Everyone knows the wincing, blushing, cringing horror that is a BAD DATE.
From the man who had information about his underpants emailed to his entire office, to the girl who ruptured her stomach when over-indulging at an all-you-can-eat restaurant, Bad Dates lays bare (in more ways than one) the ritual of humiliation that is dating.
The horrific tales it contains are sometimes embarrassing, often rude, and always absolutely hilarious. They proving conclusively that for every match made in heaven, there are dozens more made in hell!
Some quotes from the book...
I regretfully had to ask my man to take me home so that I could be alone with my bowels.
She tried to kill me there and then on her veranda.
I became confused when she climbed under the bed sheets - and instead of asking me to join her asked if I could possibly read her a bit of Harry Potter .
If you aren't out of here in ten seconds, she said, I'll chop your fucking balls off.
I'd been shat on.
it was like kissing a corpse.
It quickly became very clear that I was in my underpants in bed with two unknown Germans; who were slightly bewildered but certainly not hostile. - .
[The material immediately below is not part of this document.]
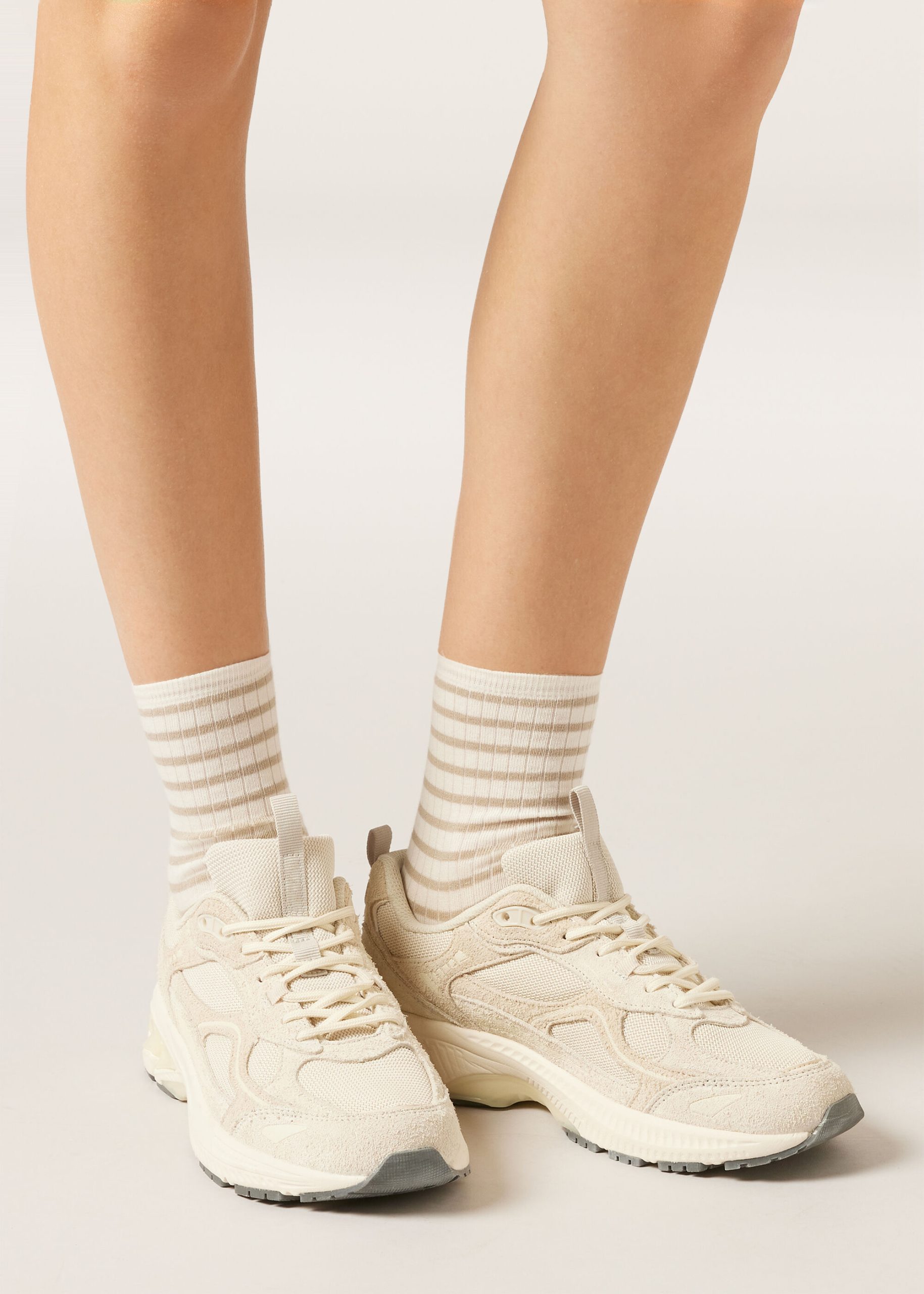 Women’s short socks in ribbed soft cotton, they offer style and comfort. The striped pattern adds a classic and versatile touch. Ideal for those looking for quality and a timeless look.

Sam Jordison - M, under 30, 5'11", WGSOH, all limbs thankfully intact, no diseases to report - was the brains behind Crap Towns and Crap Towns II and so, according to an article in the Independent, started a small publishing revolution based around swear words. More recently he has written a book about cults, cranks and religious eccentrics called The Joy Of Sects. He lives in Oxford with his girlfriend and enjoys cycling along the river and watching old episodes of The Fall And Rise Of Reginald Perrin.